The WBC champion dug deeper in round seven and eight though and outworked Bradley for much of the six minutes. Alexander began jabbing to the body and landing his left. Even though Alexander still caught the gloves of his opponent much of the time, he was the busier fighter. With the cut a non-issue through the eighth round, Alexander continued to punch more freely than at any other time in the bout. Right hooks landed for the twenty-three year old and combination punching took the rounds from Bradley, who now was reduced to single shots.



Bradley seized the momentum back from Alexander in the ninth with cleaner jabs and quick combinations to the head. He forced Alexander backward and relied upon greater aggression to take the round. The tenth saw another accidental clash of heads after Bradley took an early lead in the round with wild punches, which landed with infrequency, but stalled any attack from Alexander. As Alexander initiated a clinch, Bradley came in to fire a combination and the two men collided. Alexander complained to the referee and once again turned his back to his opponent, wincing and moaning. The ringside doctor tried to scrutinize the injury of Alexander, but the soon to be former WBC champion could not open his eyes for any substantial inspection. The collision occurred on the left side of Alexander’s face; yet, he complained about the right eye previously cut in round three. The action was halted after it was determined Alexander could no longer continue and the first big fight of 2011 was marred with by an abrupt conclusion.

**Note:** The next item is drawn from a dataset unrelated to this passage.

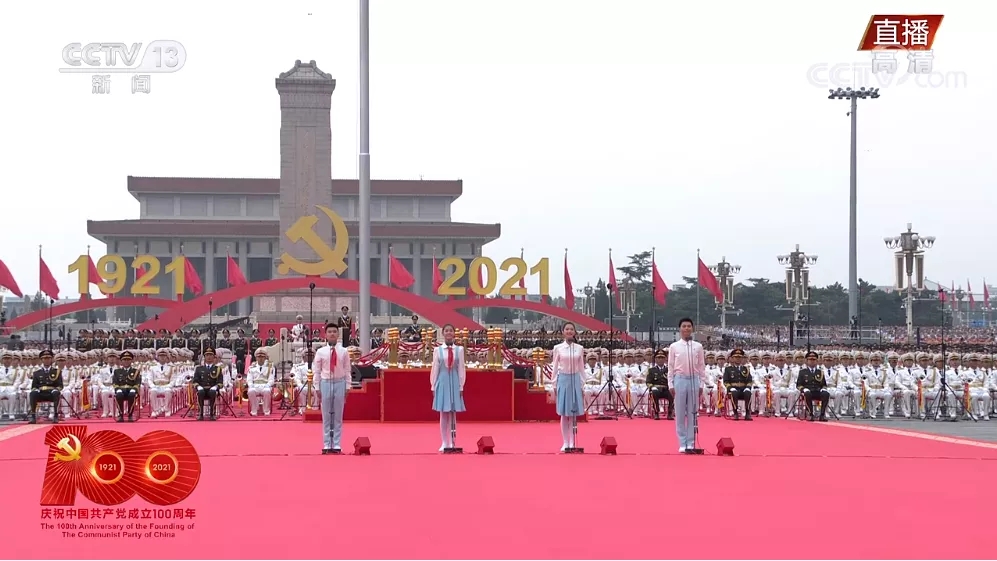 7月1日,慶祝中國(guó)共產(chǎn)黨成立100周年大會(huì)上,共青團(tuán)員和少先隊(duì)員代表們集體致獻(xiàn)詞,他們的獻(xiàn)詞里濃縮了中國(guó)共產(chǎn)黨的百年歷史,他們重新喊出了30年前的團(tuán)結(jié)起來(lái),振興中華。

After receiving the decision, Bradley praised the now once beaten Alexander’s ability and prognosticated the St. Louis, Missouri native’s return to the championship level in the near future. In a post-fight interview with HBO’s Larry Merchant, Bradley attested Amir Khan and Marcos Rene Maidana were on his immediate radar, but that his ultimate goal was to meet Manny Pacquiao in something more resembling a super fight.


 


Alexander also agreed that Khan and Maidana could fit into his plans, but focused more on a rematch clause mandating a return bout with Bradley.


 


Going into this unification bout, Bradley already held wide recognition as the best 140 pounder in the world. Defeating Alexander comfortably allowed him to retain his number one status and to draw more power at the negotiating table in the future with two of the four major governing bodies’ belts, for however long he will be allowed to keep them. Yet, even in victory, the gap between Bradley and number two Amir Khan seems smaller. Khan-Bradley may be the real super fight at 140 pounds if one is to be had.